Define the repo-owned make_valid pipeline so topology repair work only runs on invalid rows and can later map onto GPU compaction plus constructive repair stages.

Request Signals

  • make_valid

  • validity

  • topology repair

  • compaction

  • invalid rows

Open First

  • docs/architecture/make-valid.md

  • src/vibespatial/constructive/make_valid_pipeline.py

  • tests/test_make_valid_pipeline.py

Verify

  • uv run pytest tests/test_make_valid_pipeline.py

  • uv run python scripts/check_docs.py --check

Risks

  • Running repair on all rows instead of compacted invalids wastes compute on already-valid geometries.

  • Validity checking and repair becoming coupled prevents staging them as separate GPU stages.

Decision

  • Compute validity first.

  • Compact invalid rows into a dense repair batch.
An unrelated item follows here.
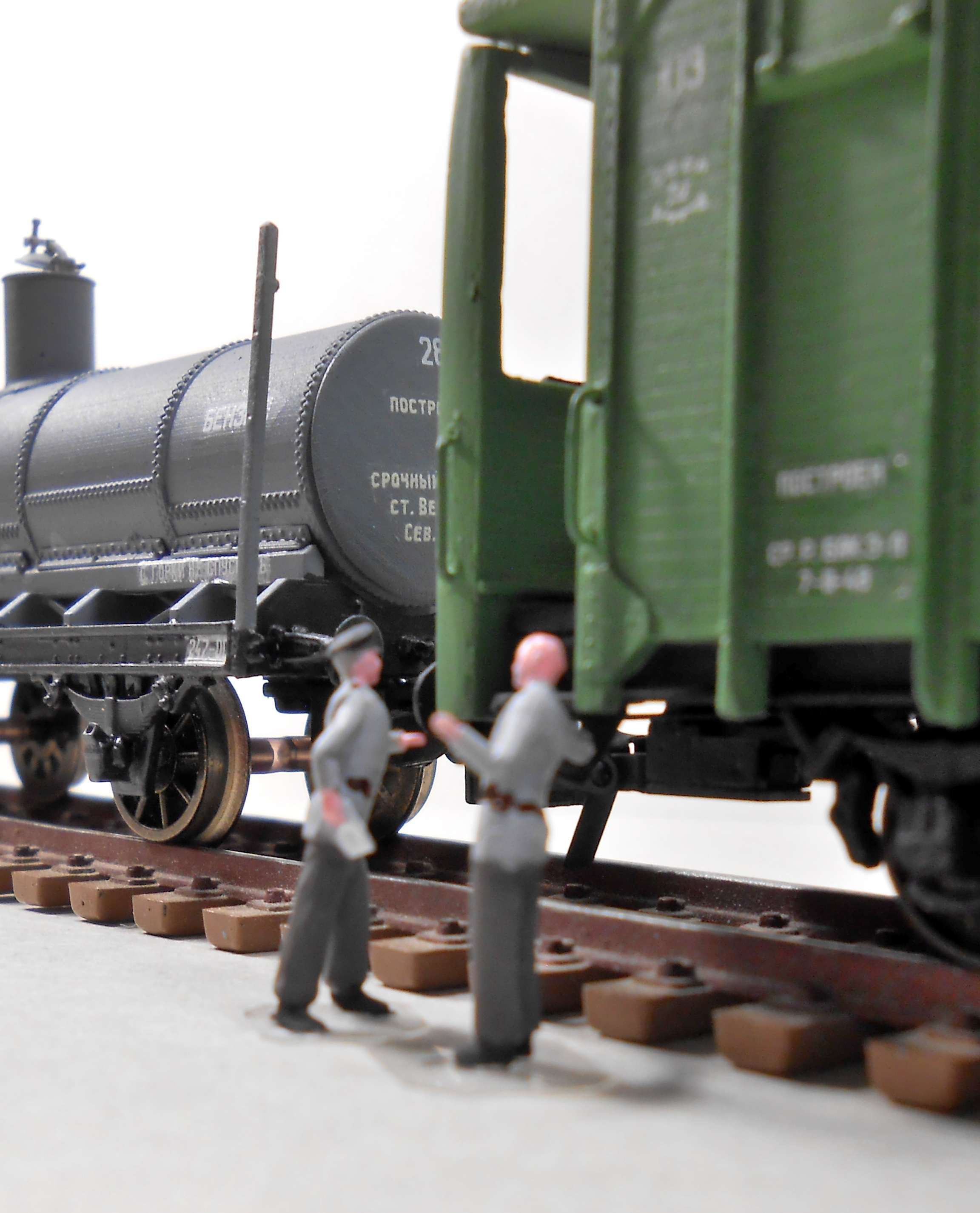 Пара фигурок машинистов тоже были для теста.В буферах пролиты пружины и есть просветы.

  • Leave valid rows untouched.

  • Repair only the compacted invalid subset.

  • Scatter repaired rows back into original order.

  • When all rows pass validation and an OwnedGeometryArray was provided, MakeValidResult.owned carries the original device-resident array so downstream stages (e.g., dissolve) can stay on device without re-uploading (ADR-0005 zero-transfer chain).

Dispatch

  • make_valid_owned() owns runtime dispatch via plan_dispatch_selection() and records dispatch events internally; the API layer (GeometryArray, DeviceGeometryArray) does not record its own events.

  • Two kernel variants are registered (ADR-0033): make_valid/gpu-nvrtc (polygon/multipolygon GPU repair) and make_valid/cpu (all families, Shapely fallback).

  • The dispatch_mode parameter controls GPU/CPU/AUTO selection.

Performance Notes

  • Validity checking is much cheaper than topology repair, so compacting invalid rows is the right default for valid-heavy datasets.

  • This staging is directly compatible with CCCL-style DeviceSelect and scatter primitives.

  • The current host implementation already benefits from skipping repair work on valid rows.